Leguan Island is a small island situated in the delta of the Essequibo River on the coast of Guyana, South America. The island is shaped like a gull wing and is 9 mi long and 2 mi wide at its widest, making it roughly 12 sqmi in area. When settlers first arrived on the island, they found many iguanas, hence the name Leguan Island. (Leguaan is the Dutch word for iguana.)

== Demographics ==
Leguan has an estimated population of 2,500 as of 2018, living in 36 demarcated villages. Settlements include Maryville, Le Bagatelle, Richmond Hill and Uniform. Villages are supported by the Leguan Neighbourhood Democratic Council.

The population has declined fairly rapidly during the past decade , as residents leave to settle in more urban parts of Guyana or migrate, often to the United States, Canada, the United Kingdom, or to various Caribbean islands. Leguan is primarily a rice-farming and cattle-rearing community, with roughly 3,000 acres devoted toward rice cultivation, 3,000 for cash crops, and another 2,500 for cattle. Other occupations on the island include government administration, teaching, health care and policing.

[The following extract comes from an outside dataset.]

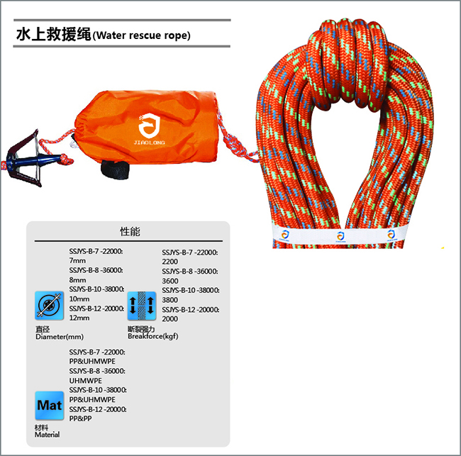 水上救生包內(nèi)繩索采用鮮艷的橘紅色或橘黃色亮色系為主,具有反光和夜光功能、高亮和警示功能。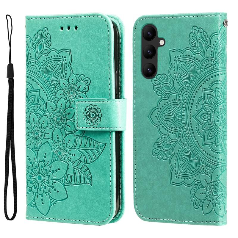 Θήκη τηλεφώνου Samsung Galaxy A24 4G από δέρμα με ανάγλυφο σχέδιο 7 πέταλων (Ανοιχτό Μωβ)

Leguan is of roughly 82% East Indian ancestry and 17% African ancestry. The remaining approximately 1% of the population are foreign-born Chinese, Canadian, American and English, most of whom are involved in community development work with religious or state organizations. A majority of Leguan residents are Hindu. The minority variously follow Islam, Christianity and the Rastafari movement. Leguan is situated in the Essequibo River, next to another island named Wakenaam. There are six rice factories located on the island, the largest being Mustapha Pasha Rice Milling Enterprise, Baseeran Pasha Rice Milling Enterprise, Chand's Rice Milling Enterprise, RN Persaud & Company Ltd and the Ojha's. The primary mode of transportation on Leguan is by bicycle. Many people also have motorbikes, and a small group of people have cars. There is some taxi service but no bus.

== Infrastructure ==
The island is home to the regional government office for the Essequibo Islands. The regional office serves the other populated islands of the Essequibo River delta, Wakenaam Island and Hogg Island. Leguan has five elementary schools and one secondary school. The secondary school currently serves about 300 students in grades seven through eleven, or forms one through five.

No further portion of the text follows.